* WHAT YOU WILL DO
Repeat each record exactly, skipping the pictures.

/---

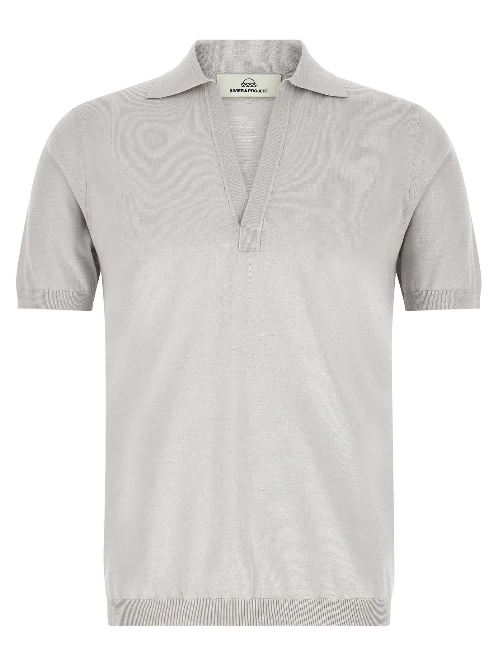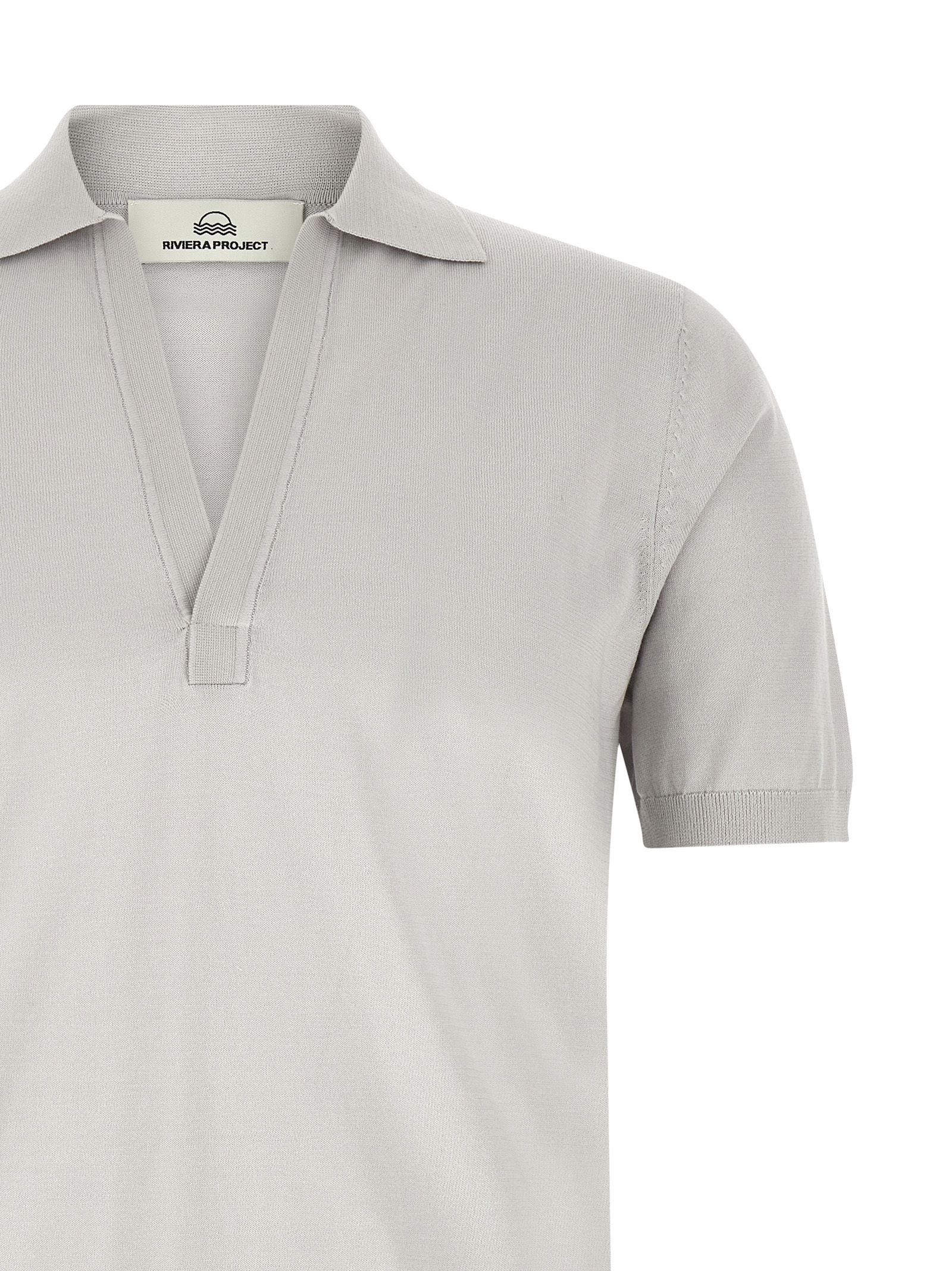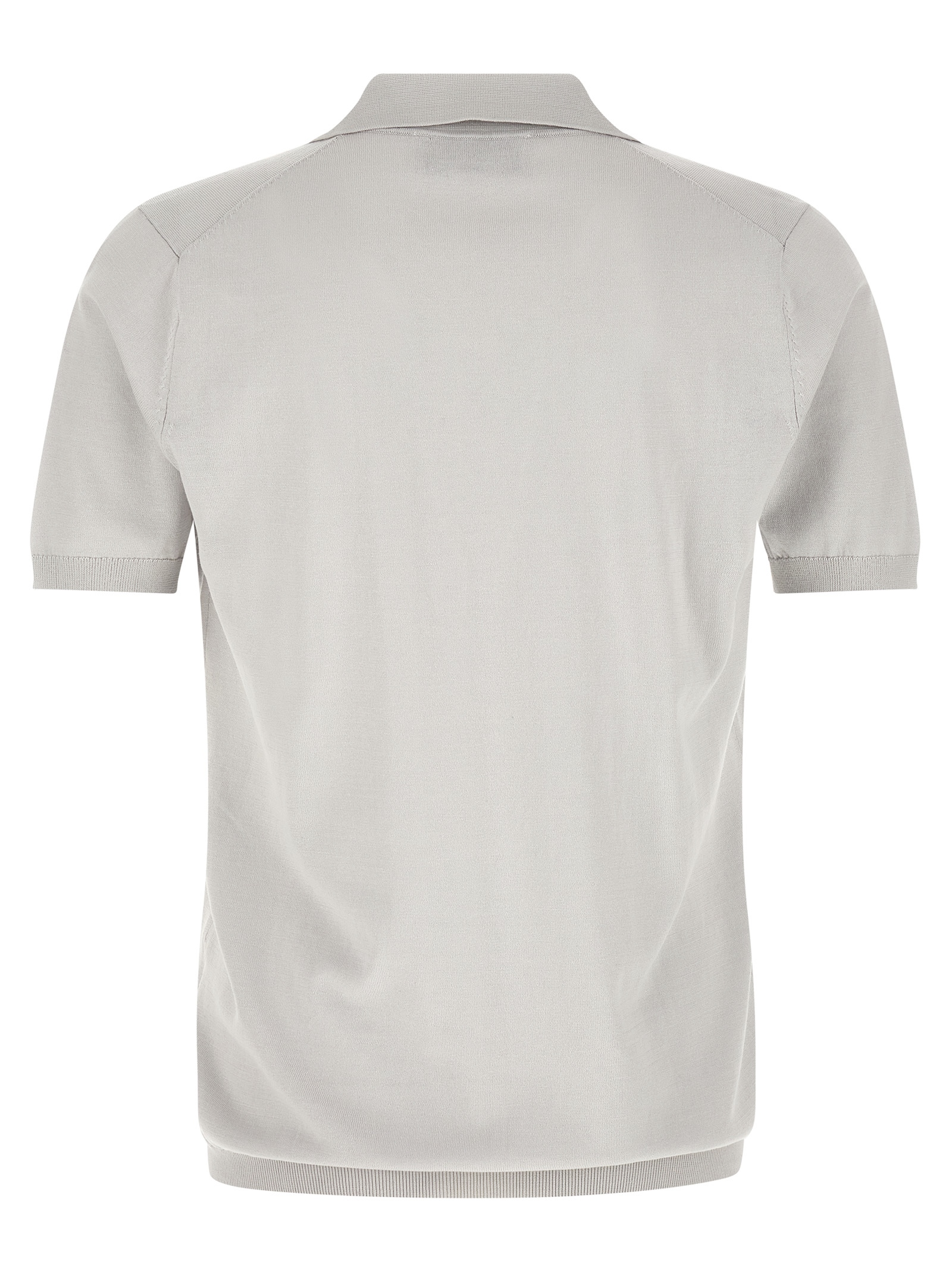 Polo shirt in viscose, cotton and wool blend, open collar, short cuffed sleeves.
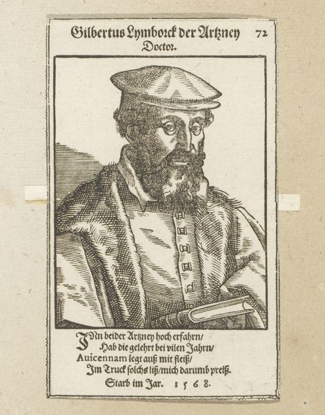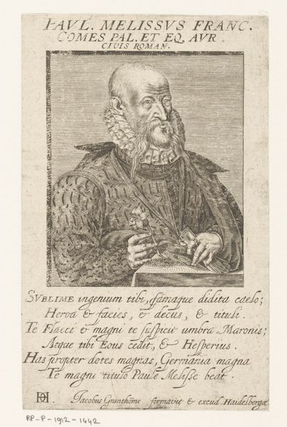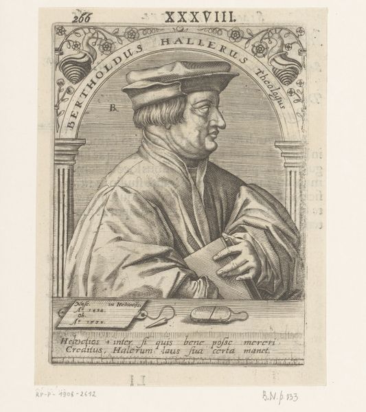 Curator: This is a print titled "Portret van Johannes Hus," made sometime between 1588 and 1622. The piece you see before you, held at the Rijksmuseum, is an engraving. Editor: It has a rather somber feel to it, despite its small scale. The subject is presented in profile, looking steadfast and thoughtful, but the grayscale tones create a sense of austerity. You almost feel as though he is looking to some tragic, invisible future. Curator: Absolutely. Engravings, by their nature, often lend themselves to such weighty feelings, and this portrait encapsulates that. Johannes Hus, a Czech theologian and philosopher, was a key predecessor to the Protestant Reformation. Look how deliberately he’s positioned with quill and paper. The image implies that Hus himself controls both the narrative and the religious future. Editor: That’s interesting. For me, it also begs the question about the printing and distribution process. I imagine that an image like this could have quickly spread and become somewhat iconic in certain reformist circles. The relatively easy reproduction that’s implicit in the work affects the status of Hus himself. I wonder about the skill and labor required to carve all those delicate lines to produce the engraving? Curator: The text, “IOAN HVSSVS, MARTYR CONSTANTISSIMVS,” signals exactly what function the work was meant to fulfill—ensuring the perseverance and martyrdom of Hus in collective memory. His clothing suggests status but without excess; more intellectual than lavish. And while austere as you pointed out, it does still represent continuity through very powerful images. Editor: Right, and thinking about this "memory," I wonder about the cost, availability and reach of a printed work like this versus a large painting on a wall. You can own a small work and carry it with you, like a relic. Curator: It speaks volumes, doesn’t it? Editor: Yes. Examining its materiality and considering its reception makes you realize it holds incredible power in shaping narratives across time.
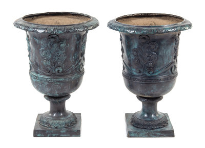 A Pair of Neoclassical Style Painted Cast Iron Planters Height 28 inches.
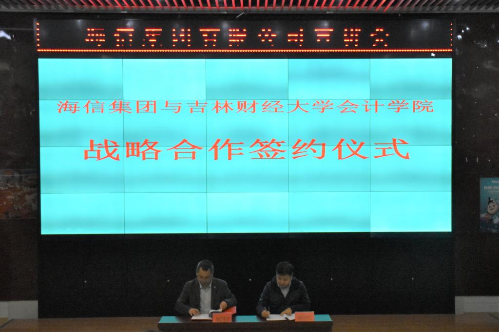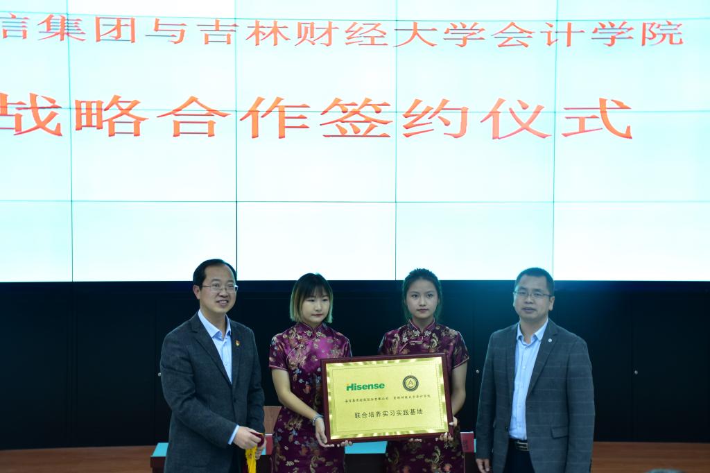 首先,会计学院梁毕明院长与海信集团视像科技财务副总经理杨可多在嘉宾的见证下签署了战略合作协议,紧接着,学校招就处陈德民处长与杨可多副总为联合培养实习实践基地进行了揭牌。
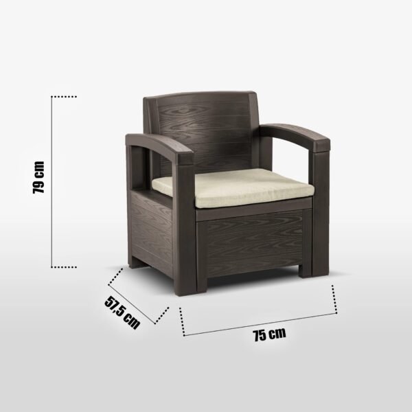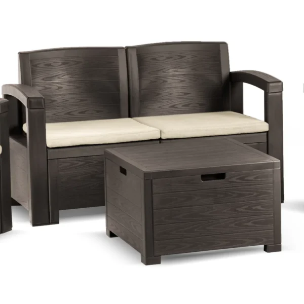 Zestaw cechuje się użyciem wysokiej jakości odpornych na warunki atmosferyczne materiałów plecionego technorattanu. Technologia wykonania pozwoliła na uzyskanie trwałości i szykownego, śródziemnomorskiego stylu. Zastosowane tworzywo zapewnia dużą wytrzymałość na obciążenie i maksymalną odporność na czynniki zewnętrzne jak niekorzystne promienie UV.
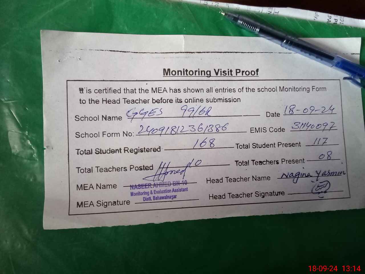 | Attendance Register | Head Teacher | MEA with School | Visit Proof |
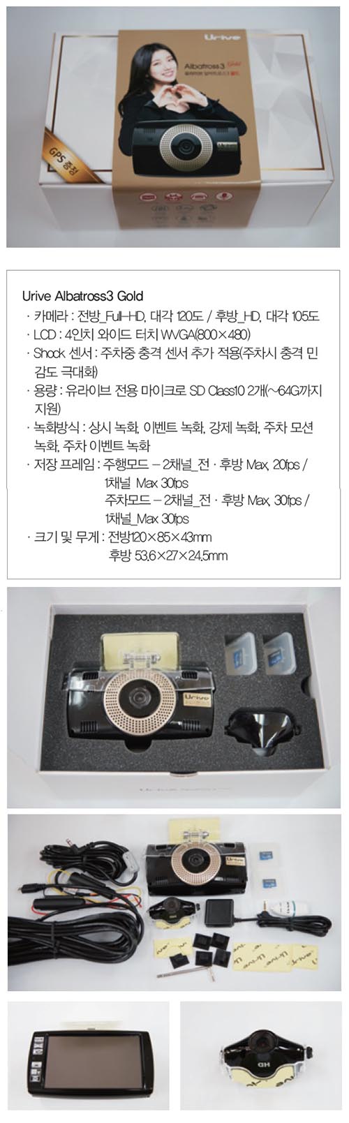 À¯¶óÀ̺êÀÇ ¾Ë¹ÙÆ®·Î½º3 °ñµå´Â 2ä³Î Full-HD ºí·¢¹Ú½º´Ù. Àü¹æ Ä«¸Þ¶ó´Â 1920¡¿1080ÀÇ Full HD°í, ÈĹæ Ä«¸Þ¶ó´Â 1280¡¿720ÀÇ HDÀ̸ç, 4ÀÎÄ¡ ¿ÍÀ̵å ÅÍÄ¡ LCD¸¦ ÀåÂøÇß´Ù. ¼¼·ÃµÈ À¯±¤ ºí·¢ Ä÷¯¿¡ ·»Áî ÁÖº¯°ú À¯¶óÀ̺ê(Urive) ·Î°í¸¸ °ñµå Ä÷¯·Î Æ÷ÀÎÆ®¸¦ Áà °í±Þ½º·´´Ù. 4ÀÎÄ¡ LCD°¡ ´Þ·Á¼ ÀÎÁö Å©±â°¡ ²Ï Å« ÆíÀ¸·Î º»Ã¼°¡ 120¡¿85¡¿43mmÀ̸ç, ÈĹæ Ä«¸Þ¶ó´Â 53.6¡¿27¡¿24.5mm´Ù. ±¸¼ºÇ°¿¡ Æ÷ÇÔµÈ ¸¶ÀÌÅ©·Î SD Ä«µå´Â ¸ðµÎ Ŭ·¡½º 10ÀÇ 16G¿Í 8G µÎ °¡Áö´Ù. ÄÄÇ»ÅÍ¿¡ ½±°Ô ¿¬°áÇÒ ¼ö ÀÖ´Â Ä«µå ¸®´õµµ ¼¾½º ÀÖ°Ô Æ÷ÇԵǾî ÀÖ´Ù.

\---

* TASK RESPONSE
 Polo shirt in viscose, cotton and wool blend, open collar, short cuffed sleeves.
 Curator: This is a print titled "Portret van Johannes Hus," made sometime between 1588 and 1622. The piece you see before you, held at the Rijksmuseum, is an engraving. Editor: It has a rather somber feel to it, despite its small scale. The subject is presented in profile, looking steadfast and thoughtful, but the grayscale tones create a sense of austerity. You almost feel as though he is looking to some tragic, invisible future. Curator: Absolutely. Engravings, by their nature, often lend themselves to such weighty feelings, and this portrait encapsulates that. Johannes Hus, a Czech theologian and philosopher, was a key predecessor to the Protestant Reformation. Look how deliberately he’s positioned with quill and paper. The image implies that Hus himself controls both the narrative and the religious future. Editor: That’s interesting. For me, it also begs the question about the printing and distribution process. I imagine that an image like this could have quickly spread and become somewhat iconic in certain reformist circles. The relatively easy reproduction that’s implicit in the work affects the status of Hus himself. I wonder about the skill and labor required to carve all those delicate lines to produce the engraving? Curator: The text, “IOAN HVSSVS, MARTYR CONSTANTISSIMVS,” signals exactly what function the work was meant to fulfill—ensuring the perseverance and martyrdom of Hus in collective memory. His clothing suggests status but without excess; more intellectual than lavish. And while austere as you pointed out, it does still represent continuity through very powerful images. Editor: Right, and thinking about this "memory," I wonder about the cost, availability and reach of a printed work like this versus a large painting on a wall. You can own a small work and carry it with you, like a relic. Curator: It speaks volumes, doesn’t it? Editor: Yes. Examining its materiality and considering its reception makes you realize it holds incredible power in shaping narratives across time.
 A Pair of Neoclassical Style Painted Cast Iron Planters Height 28 inches.
 首先,会计学院梁毕明院长与海信集团视像科技财务副总经理杨可多在嘉宾的见证下签署了战略合作协议,紧接着,学校招就处陈德民处长与杨可多副总为联合培养实习实践基地进行了揭牌。
 Zestaw cechuje się użyciem wysokiej jakości odpornych na warunki atmosferyczne materiałów plecionego technorattanu. Technologia wykonania pozwoliła na uzyskanie trwałości i szykownego, śródziemnomorskiego stylu. Zastosowane tworzywo zapewnia dużą wytrzymałość na obciążenie i maksymalną odporność na czynniki zewnętrzne jak niekorzystne promienie UV.
 | Attendance Register | Head Teacher | MEA with School | Visit Proof |
 À¯¶óÀ̺êÀÇ ¾Ë¹ÙÆ®·Î½º3 °ñµå´Â 2ä³Î Full-HD ºí·¢¹Ú½º´Ù. Àü¹æ Ä«¸Þ¶ó´Â 1920¡¿1080ÀÇ Full HD°í, ÈĹæ Ä«¸Þ¶ó´Â 1280¡¿720ÀÇ HDÀ̸ç, 4ÀÎÄ¡ ¿ÍÀ̵å ÅÍÄ¡ LCD¸¦ ÀåÂøÇß´Ù. ¼¼·ÃµÈ À¯±¤ ºí·¢ Ä÷¯¿¡ ·»Áî ÁÖº¯°ú À¯¶óÀ̺ê(Urive) ·Î°í¸¸ °ñµå Ä÷¯·Î Æ÷ÀÎÆ®¸¦ Áà °í±Þ½º·´´Ù. 4ÀÎÄ¡ LCD°¡ ´Þ·Á¼ ÀÎÁö Å©±â°¡ ²Ï Å« ÆíÀ¸·Î º»Ã¼°¡ 120¡¿85¡¿43mmÀ̸ç, ÈĹæ Ä«¸Þ¶ó´Â 53.6¡¿27¡¿24.5mm´Ù. ±¸¼ºÇ°¿¡ Æ÷ÇÔµÈ ¸¶ÀÌÅ©·Î SD Ä«µå´Â ¸ðµÎ Ŭ·¡½º 10ÀÇ 16G¿Í 8G µÎ °¡Áö´Ù. ÄÄÇ»ÅÍ¿¡ ½±°Ô ¿¬°áÇÒ ¼ö ÀÖ´Â Ä«µå ¸®´õµµ ¼¾½º ÀÖ°Ô Æ÷ÇԵǾî ÀÖ´Ù.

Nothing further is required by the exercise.